Letters to the Editor

Wednesday, 7 March 2012

No commercial vehicle idling emission regs set by City of Fredericton or Province

FREDERICTON – The City of Fredericton and the Province of New Brunswick currently have no air quality regulations in place when it comes to commercial transport trucks parked and idling for long periods of time within municipal boundaries. 

“We don’t have any air quality by-laws that we are aware of for commercial vehicles, “ said Fredericton  by-law enforcement officer Don Veysey. “We have regulations for city vehicle emissions, but not for commercial ones,” he said.

Above, a commercial transport truck idling in downtown Fredericton today.

In checking with the Province’s climate change division of the Dept. of Environment, Martin Boulerice made similar comments regarding emission legislation of general commercial vehicles.

“There is no national or provincial regulation on idling parked vehicles [within municipalities]…only provincial vehicles,” he said.

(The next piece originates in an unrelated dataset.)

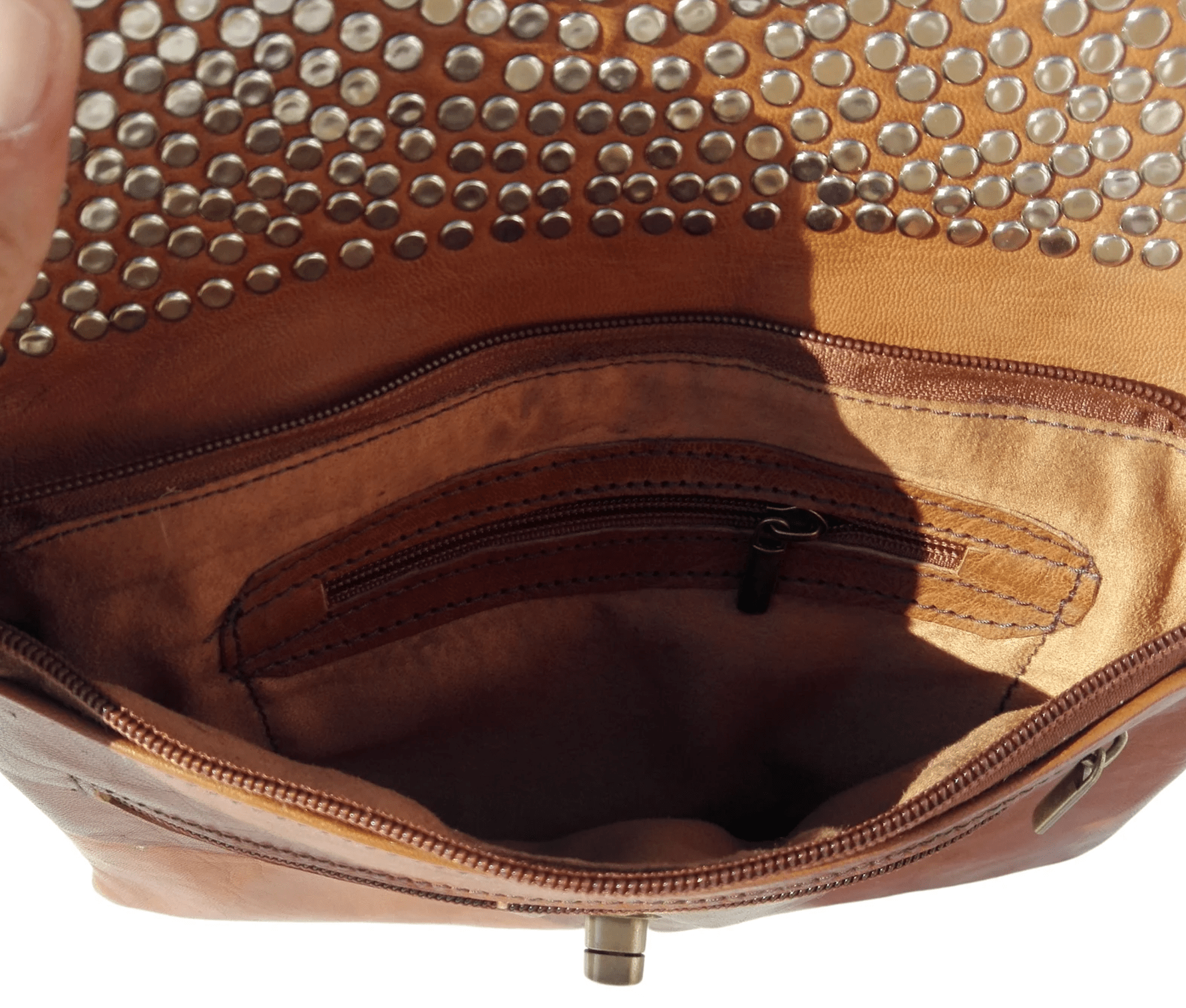 Elegante Lederhandtasche, Hippie Style mit Nieten verziert

When asked why, Boulerice said vehicle emission standards are often assumed to be sufficient.

Commercial truckers spoken to by this publication on the topic, who preferred to remain anonymous, said they left their large transport trucks idling in Fredericton city limits because it’s hard to get them started on a cold winter day after being shut off. 

However, Boulerice disputed this.

“That used to be true for the older trucks but not for those nowadays,” he said.

The New Brunswick Lung Association was responsible for the City and Province establishing policies for air quality emission standards on their vehicles. President and CEO, Barb MacKinnon, weighed in on the idling issue commercial vehicles pose to the citizens the lobby represents saying, "It is important to get the message out that vehicle emissions are toxic to our health..."

Further research found neither the City of Saint John, nor the City of Moncton, have emission standards for the idling of large commercial transport trucks within city limits. Their policies are limited to their own city vehicles.

Above, the lights are on but nobody is home. This backhoe was left idling in the parking lot of a downtown apartment complex in Fredericton today.